The killing of the organization's second-in-command reportedly occurred on Aug. 22. And while it didn't garner the headlines that bin Laden's killing did, it was yet another pinnacle moment in the U.S. war against al Qaeda -- another step closer to victory.
Libyan national Atiyah Abd al-Rahman was the network's former leader who rose to al Qaeda's No. 2 spot after the U.S. killed al Qaeda leader Osama bin Laden in a raid on his compound in May.
The killing of al Qaeda's second-in-command is another major jolt to the terrorist group that orchestrated the Sept. 11, 2001 attacks on the U.S. For years after the U.S. attack, al Qaeda leaders were able to hide out and remain loosely organized.

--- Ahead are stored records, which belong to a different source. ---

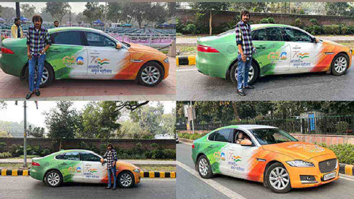 गुजरात से एक शख्स अपनी जगुआर कार को जी20 थीम में रंगकर दिल्ली पहुंचा है। उसका कहना है कि इसके माध्यम से देश को मिली कामयाबी का संदेश देना चाहते हैं, ताकि लोग इसको लेकर जागरूक बनें।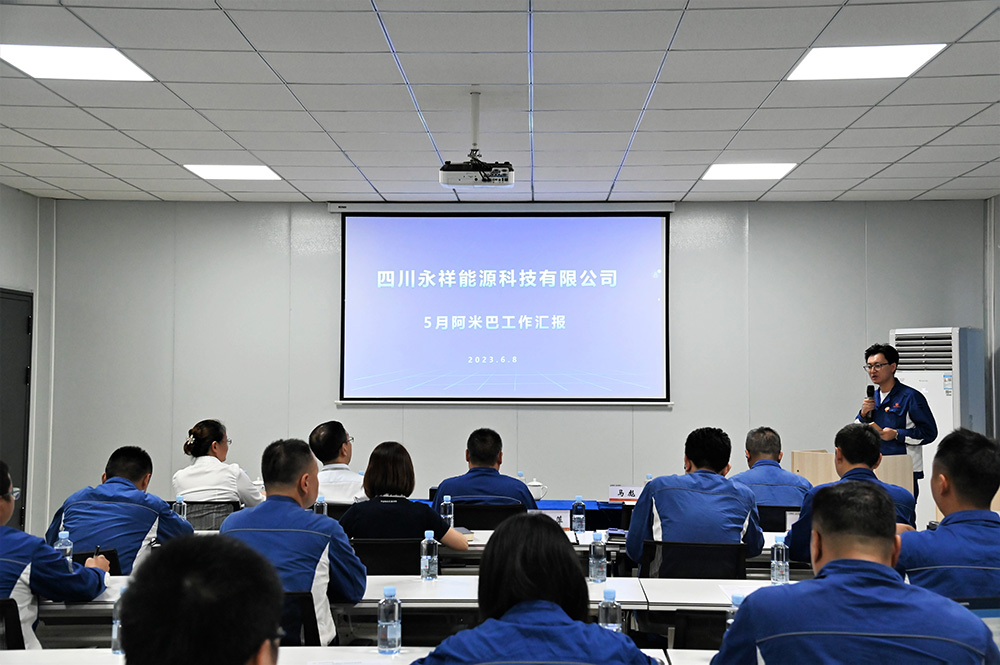 6月9日,永祥能源科技組織召開阿米巴總結(jié)會,永祥股份技術(shù)中心(國家級)主任、永祥能源科技項目指揮長甘居富,永祥股份財務(wù)總監(jiān)袁仕華,永祥股份專家級顧問陳瑛,永祥能源科技項目指揮長助理王躍參會。
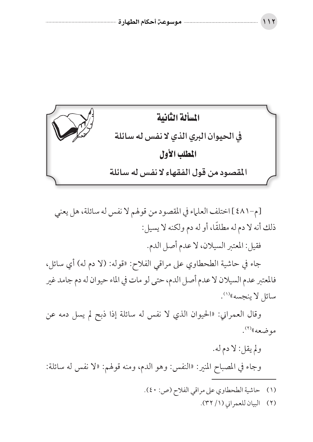 [م-٤٨١] اختلف العلماء في المقصود من قولهم لا نفس له سائلة، هل يعني ذلك أنه لا دم له مطلقًا، أو له دم ولكنه لا يسيل:

But consistent pursuit by the U.S. has paid off, and now the terrorist organization is near complete defeat. While killing Osama bin Laden was the main objective, taking out other leaders has been required to finish the task.
Last month U.S. Defense Secretary Leon Panetta said al Qaeda was close to defeat, but that the U.S. needed several more successful attacks to take out the last remaining key leaders.

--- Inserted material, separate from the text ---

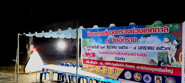องค์การบริหารส่วนตำบลบ้านเนินได้จัดโครงการตั้งจุดตรวจช่วงเทศกาล 7 วันอันตราย (จุดบริการประชาชนเทศกาลปีใหม่ พ.ศ. 2567) ณ ลานเทปาล์มบ้านภูเก็ต หมู่ที่ 2 ตำบลบ้านกลาง อำเภอเชียรใหญ่ ระหว่างวันที่ 29 ธันวาคม 2566 - 4 มกราคม 2567 มีสมาชิก อปพร. อมสม. กำนันผู้ใหญ่บ้าน เจ้าหน้าที่ตำรวจ สภ.เชียรใหญ่ คณะผู้บริหาร สมาชิกสภา อบต. และเจ้าหน้าที่ อบต.บ้านเนิน ร่วมกันประจำจุดบริการทุกวัน ตั้งแต่เวลา 06.00 น. - 18.00 น.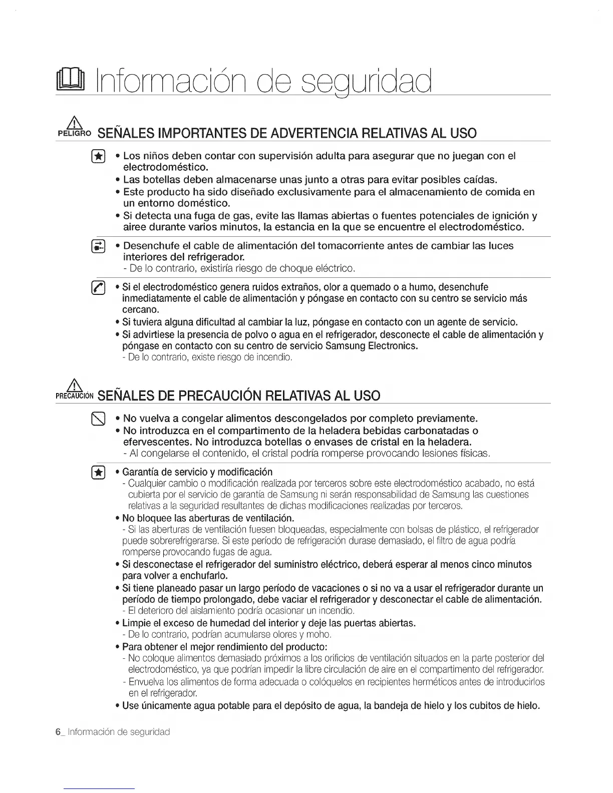 PRE&I6NSENALES DE PRECAUCION RELATIVASAL USO

Al-Rahman was killed in the lawless Pakistani tribal region of Waziristan, according to an official, who insisted on anonymity to discuss intelligence issues, according to The Associated Press. The official would not say how al-Rahman was killed.
But his death came on the same day that a CIA drone strike was reported in Waziristan. Such strikes by unmanned aircraft are Washington's weapon of choice for killing terrorists in the mountainous, hard-to-reach area along the Pakistan-Afghanistan border.
Believed to be in his mid-30s, al-Rahman was a close confidant of bin Laden. He once served as bin Laden's emissary to Iran. Al-Rahman was reportedly allowed to move freely in and out of Iran as part of that arrangement, officials said. They also have said al-Rahman has been operating out of Waziristan for some time.
Born in Libya, al-Rahman joined bin Laden as a teenager in Afghanistan to fight the Soviet Union.
After Navy SEALs killed bin Laden, they found evidence of al-Rahman's role as operational chief, U.S. officials have said.
The U.S. battle against al Qaeda's terrorist organized has been slow but effective. Panetta said last month that terrorist groups can be defeated, even though America has fought al Qaeda for a decade.
Speaking with reporters aboard a U.S. Air Force jet on his way to Afghanistan in July, Panetta said the U.S. is within reach of finishing al-Qaida, and all that remains is killing or capturing the terrorist group's remaining 10 to 20 leaders.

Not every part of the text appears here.